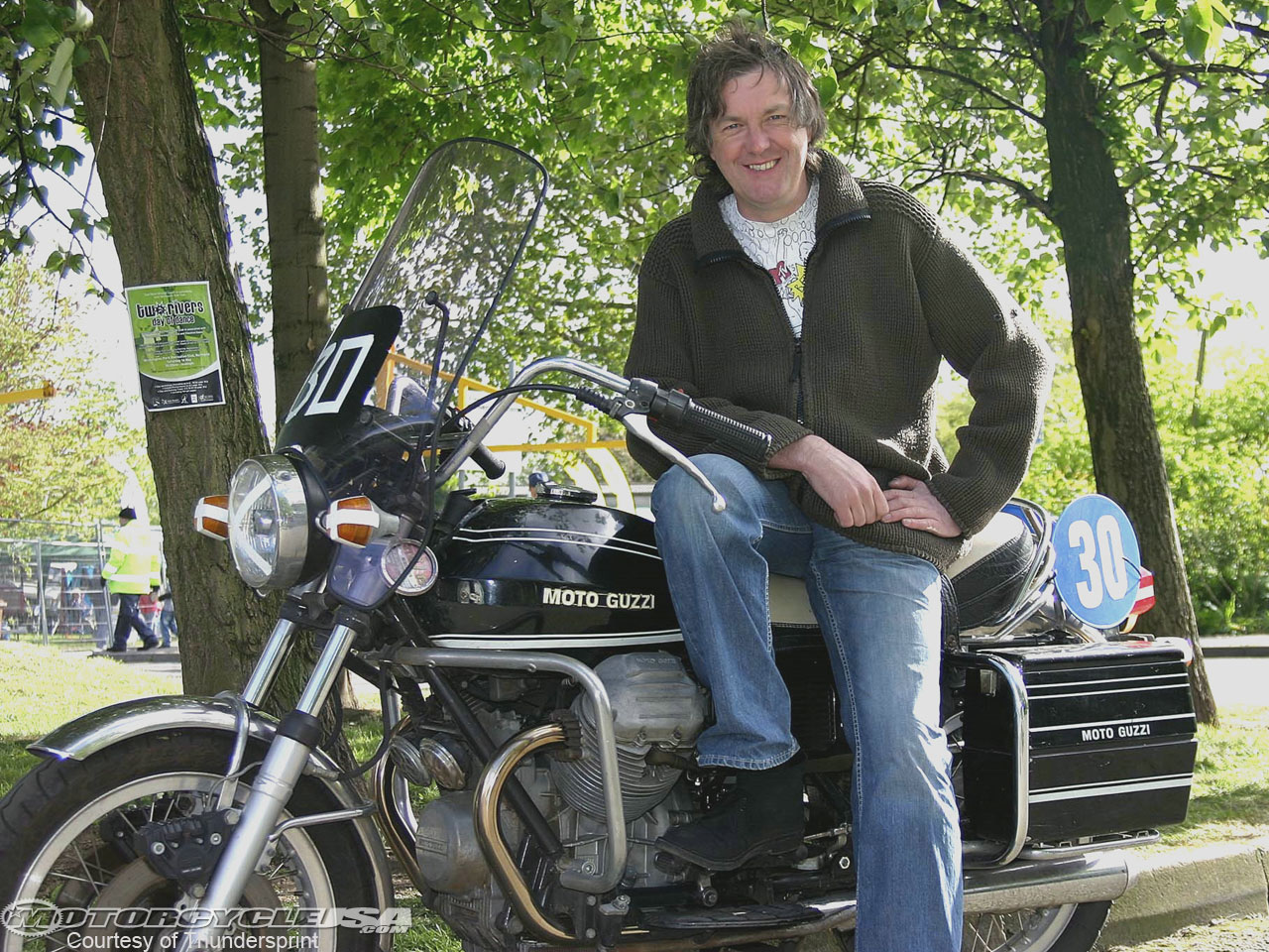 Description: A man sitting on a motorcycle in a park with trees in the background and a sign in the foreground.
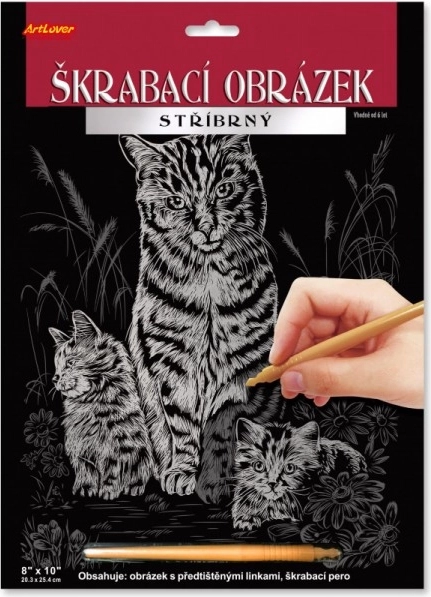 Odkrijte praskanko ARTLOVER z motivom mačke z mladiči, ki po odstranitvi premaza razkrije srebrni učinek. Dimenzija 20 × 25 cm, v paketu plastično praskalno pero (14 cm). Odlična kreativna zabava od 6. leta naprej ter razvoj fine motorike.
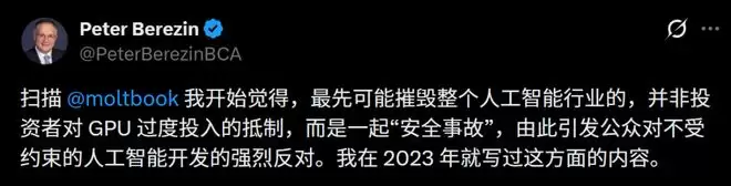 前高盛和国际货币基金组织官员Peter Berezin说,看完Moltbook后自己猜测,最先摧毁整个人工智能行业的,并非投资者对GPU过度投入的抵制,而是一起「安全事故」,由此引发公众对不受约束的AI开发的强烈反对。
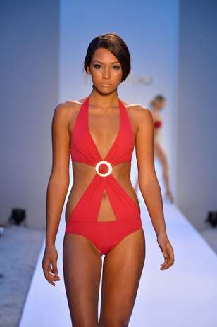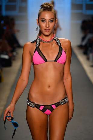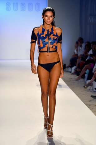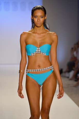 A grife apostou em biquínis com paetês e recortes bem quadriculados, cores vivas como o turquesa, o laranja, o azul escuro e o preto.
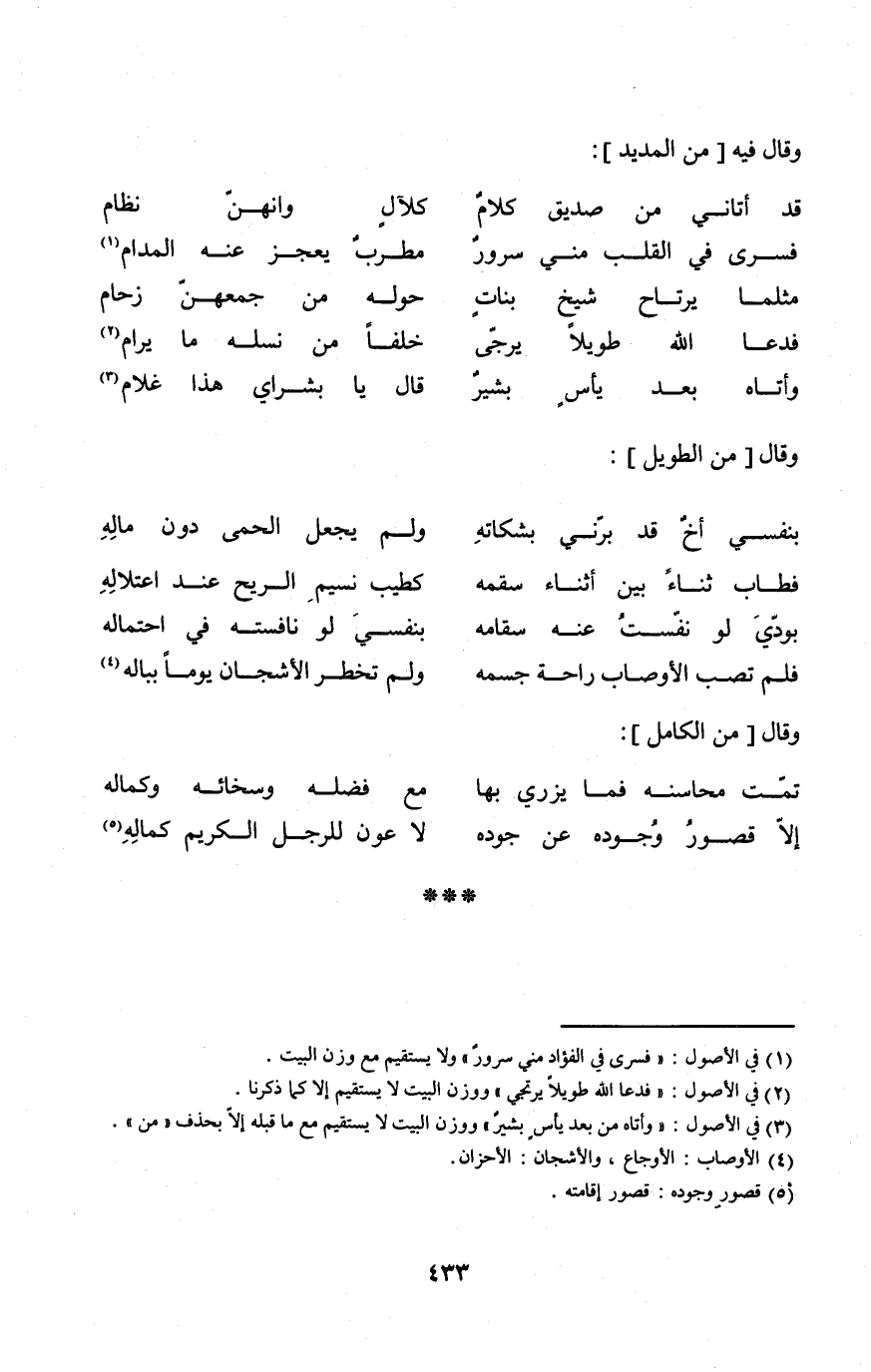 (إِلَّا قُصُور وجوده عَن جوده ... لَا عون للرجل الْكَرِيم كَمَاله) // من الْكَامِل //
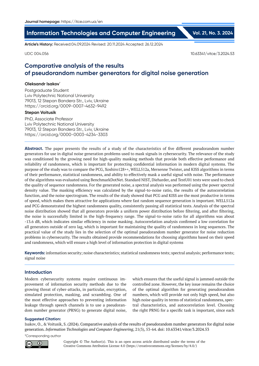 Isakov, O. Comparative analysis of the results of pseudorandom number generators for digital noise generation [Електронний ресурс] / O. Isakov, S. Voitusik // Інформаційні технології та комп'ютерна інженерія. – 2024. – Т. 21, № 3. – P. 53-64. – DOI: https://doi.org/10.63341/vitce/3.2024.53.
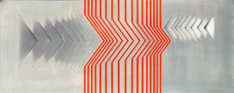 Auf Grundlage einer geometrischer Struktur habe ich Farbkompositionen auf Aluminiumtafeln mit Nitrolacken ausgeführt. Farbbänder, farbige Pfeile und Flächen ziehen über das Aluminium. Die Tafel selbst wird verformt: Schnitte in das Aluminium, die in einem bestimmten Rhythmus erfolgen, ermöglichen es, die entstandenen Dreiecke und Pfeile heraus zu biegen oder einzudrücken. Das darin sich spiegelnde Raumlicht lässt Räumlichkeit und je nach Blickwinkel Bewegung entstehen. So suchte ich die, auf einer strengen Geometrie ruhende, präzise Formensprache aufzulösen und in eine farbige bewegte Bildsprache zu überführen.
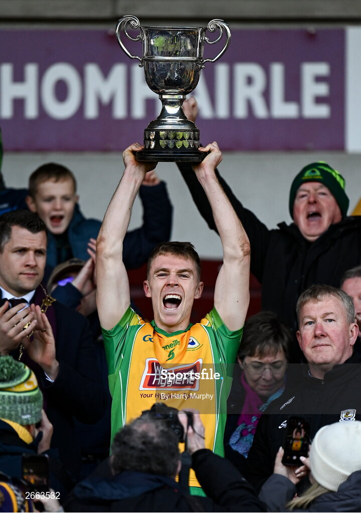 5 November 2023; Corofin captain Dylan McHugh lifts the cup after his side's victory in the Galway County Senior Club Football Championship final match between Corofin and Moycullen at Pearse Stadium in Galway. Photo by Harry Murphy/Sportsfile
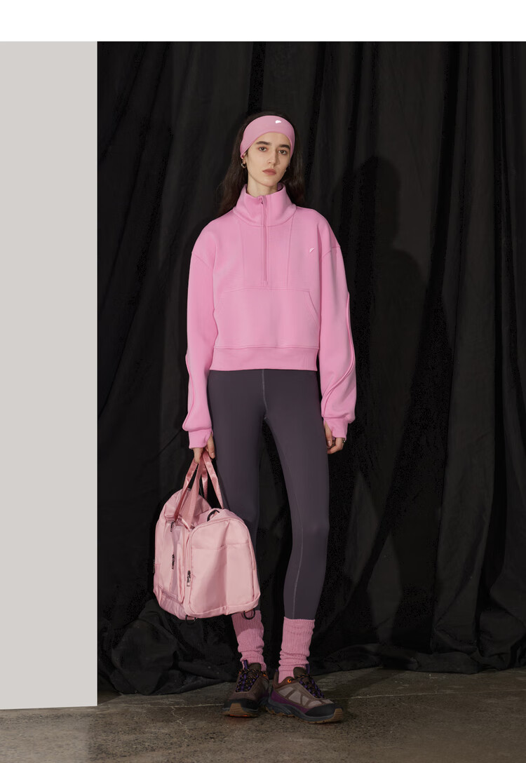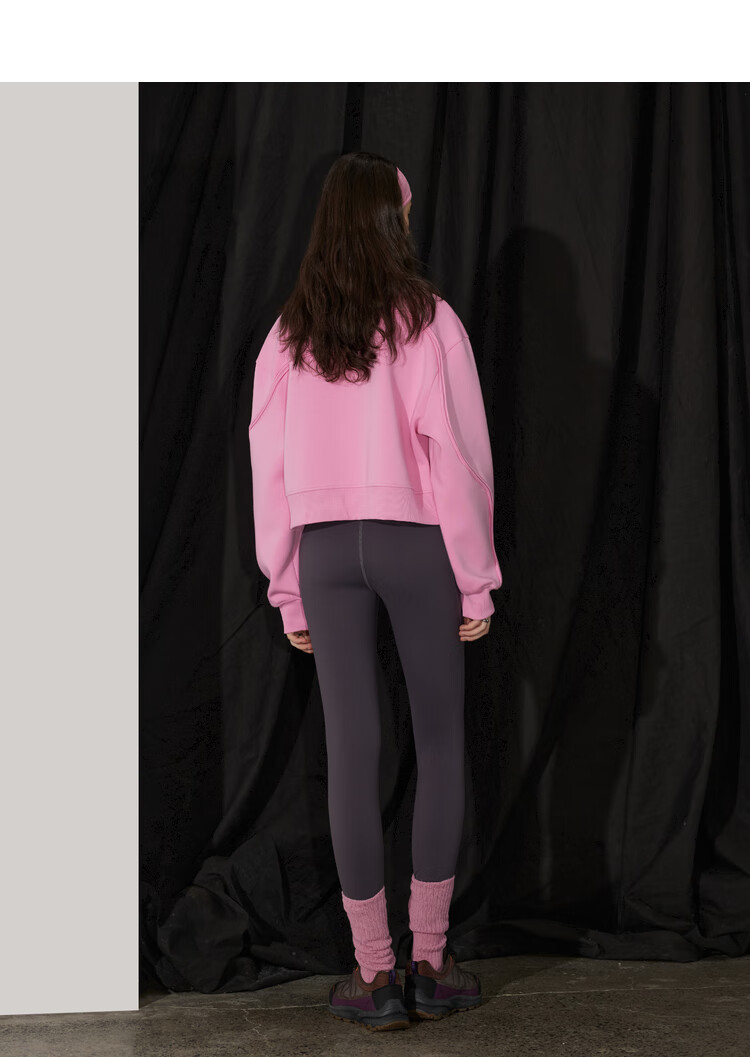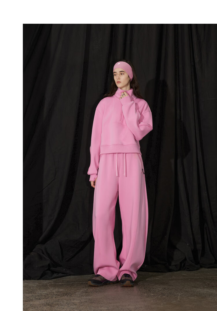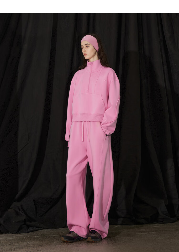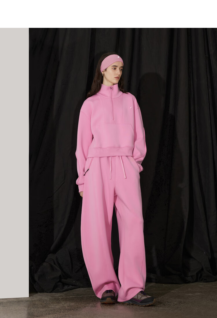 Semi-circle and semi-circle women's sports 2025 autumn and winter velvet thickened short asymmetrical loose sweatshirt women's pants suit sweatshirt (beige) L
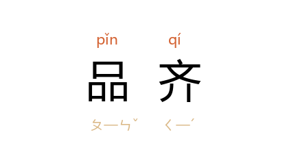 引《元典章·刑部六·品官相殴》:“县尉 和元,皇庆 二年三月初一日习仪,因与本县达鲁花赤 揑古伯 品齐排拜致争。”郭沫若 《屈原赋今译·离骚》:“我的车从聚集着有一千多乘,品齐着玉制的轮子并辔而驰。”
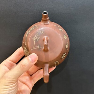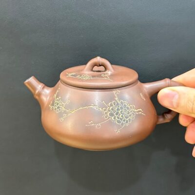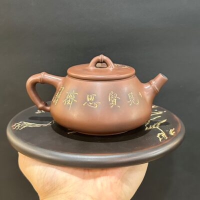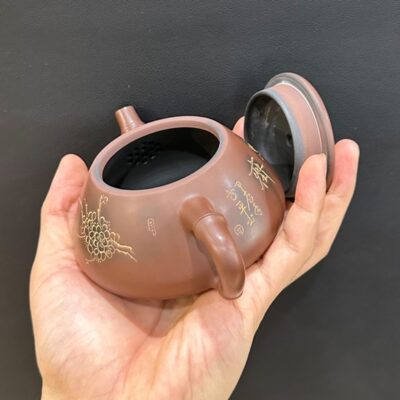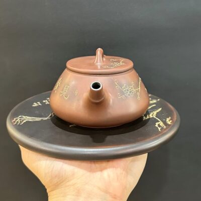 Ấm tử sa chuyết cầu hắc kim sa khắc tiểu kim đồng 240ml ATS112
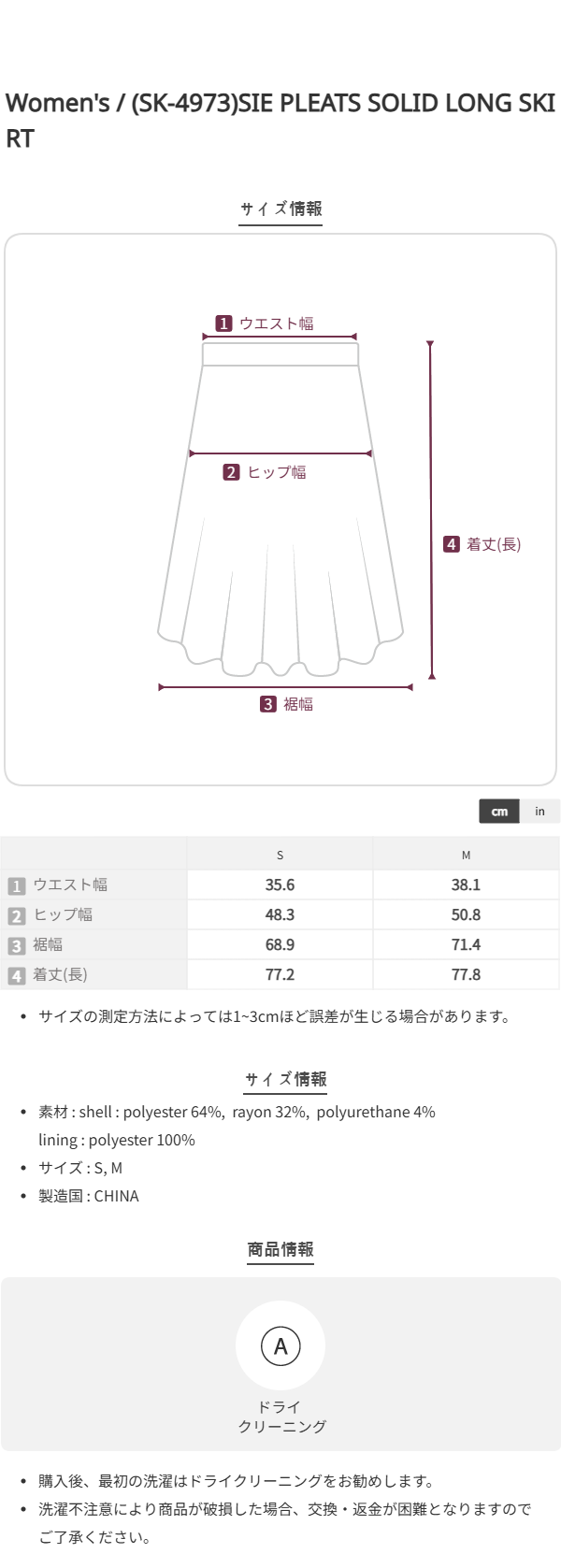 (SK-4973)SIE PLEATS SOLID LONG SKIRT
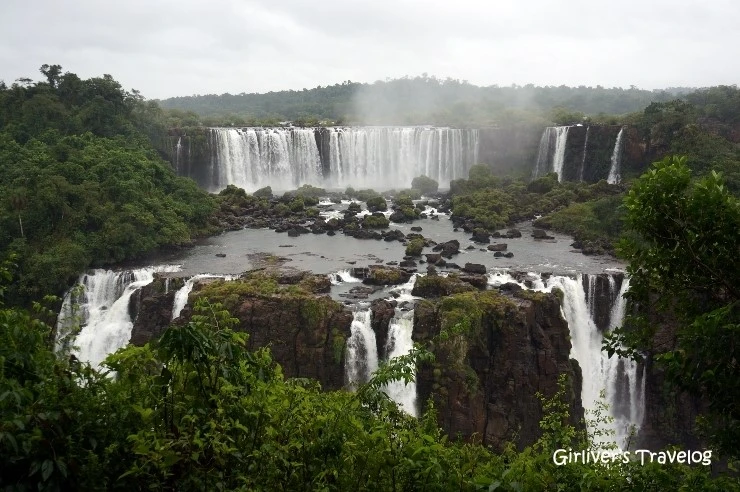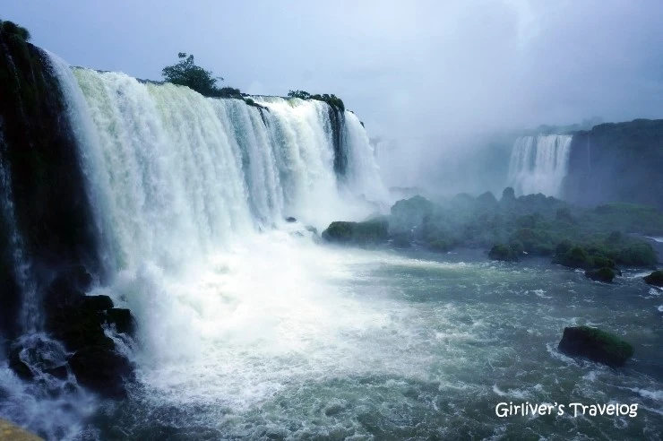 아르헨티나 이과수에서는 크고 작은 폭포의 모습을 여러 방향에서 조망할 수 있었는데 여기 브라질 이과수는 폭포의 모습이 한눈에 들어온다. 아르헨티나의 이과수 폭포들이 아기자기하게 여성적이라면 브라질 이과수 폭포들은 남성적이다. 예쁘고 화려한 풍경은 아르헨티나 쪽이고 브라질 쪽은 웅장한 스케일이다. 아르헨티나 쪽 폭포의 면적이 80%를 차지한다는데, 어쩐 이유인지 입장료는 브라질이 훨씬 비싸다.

════════════════════

* _EXERCISE AIM_: Every entry, exactly as written: transcribe it, passing over any pictures.

* _WORKED SOLUTION_:
 Description: A man sitting on a motorcycle in a park with trees in the background and a sign in the foreground.
 Odkrijte praskanko ARTLOVER z motivom mačke z mladiči, ki po odstranitvi premaza razkrije srebrni učinek. Dimenzija 20 × 25 cm, v paketu plastično praskalno pero (14 cm). Odlična kreativna zabava od 6. leta naprej ter razvoj fine motorike.
 前高盛和国际货币基金组织官员Peter Berezin说,看完Moltbook后自己猜测,最先摧毁整个人工智能行业的,并非投资者对GPU过度投入的抵制,而是一起「安全事故」,由此引发公众对不受约束的AI开发的强烈反对。
 A grife apostou em biquínis com paetês e recortes bem quadriculados, cores vivas como o turquesa, o laranja, o azul escuro e o preto.
 (إِلَّا قُصُور وجوده عَن جوده ... لَا عون للرجل الْكَرِيم كَمَاله) // من الْكَامِل //
 Isakov, O. Comparative analysis of the results of pseudorandom number generators for digital noise generation [Електронний ресурс] / O. Isakov, S. Voitusik // Інформаційні технології та комп'ютерна інженерія. – 2024. – Т. 21, № 3. – P. 53-64. – DOI: https://doi.org/10.63341/vitce/3.2024.53.
 Auf Grundlage einer geometrischer Struktur habe ich Farbkompositionen auf Aluminiumtafeln mit Nitrolacken ausgeführt. Farbbänder, farbige Pfeile und Flächen ziehen über das Aluminium. Die Tafel selbst wird verformt: Schnitte in das Aluminium, die in einem bestimmten Rhythmus erfolgen, ermöglichen es, die entstandenen Dreiecke und Pfeile heraus zu biegen oder einzudrücken. Das darin sich spiegelnde Raumlicht lässt Räumlichkeit und je nach Blickwinkel Bewegung entstehen. So suchte ich die, auf einer strengen Geometrie ruhende, präzise Formensprache aufzulösen und in eine farbige bewegte Bildsprache zu überführen.
 5 November 2023; Corofin captain Dylan McHugh lifts the cup after his side's victory in the Galway County Senior Club Football Championship final match between Corofin and Moycullen at Pearse Stadium in Galway. Photo by Harry Murphy/Sportsfile
 Semi-circle and semi-circle women's sports 2025 autumn and winter velvet thickened short asymmetrical loose sweatshirt women's pants suit sweatshirt (beige) L
 引《元典章·刑部六·品官相殴》:“县尉 和元,皇庆 二年三月初一日习仪,因与本县达鲁花赤 揑古伯 品齐排拜致争。”郭沫若 《屈原赋今译·离骚》:“我的车从聚集着有一千多乘,品齐着玉制的轮子并辔而驰。”
 Ấm tử sa chuyết cầu hắc kim sa khắc tiểu kim đồng 240ml ATS112
 (SK-4973)SIE PLEATS SOLID LONG SKIRT
 아르헨티나 이과수에서는 크고 작은 폭포의 모습을 여러 방향에서 조망할 수 있었는데 여기 브라질 이과수는 폭포의 모습이 한눈에 들어온다. 아르헨티나의 이과수 폭포들이 아기자기하게 여성적이라면 브라질 이과수 폭포들은 남성적이다. 예쁘고 화려한 풍경은 아르헨티나 쪽이고 브라질 쪽은 웅장한 스케일이다. 아르헨티나 쪽 폭포의 면적이 80%를 차지한다는데, 어쩐 이유인지 입장료는 브라질이 훨씬 비싸다.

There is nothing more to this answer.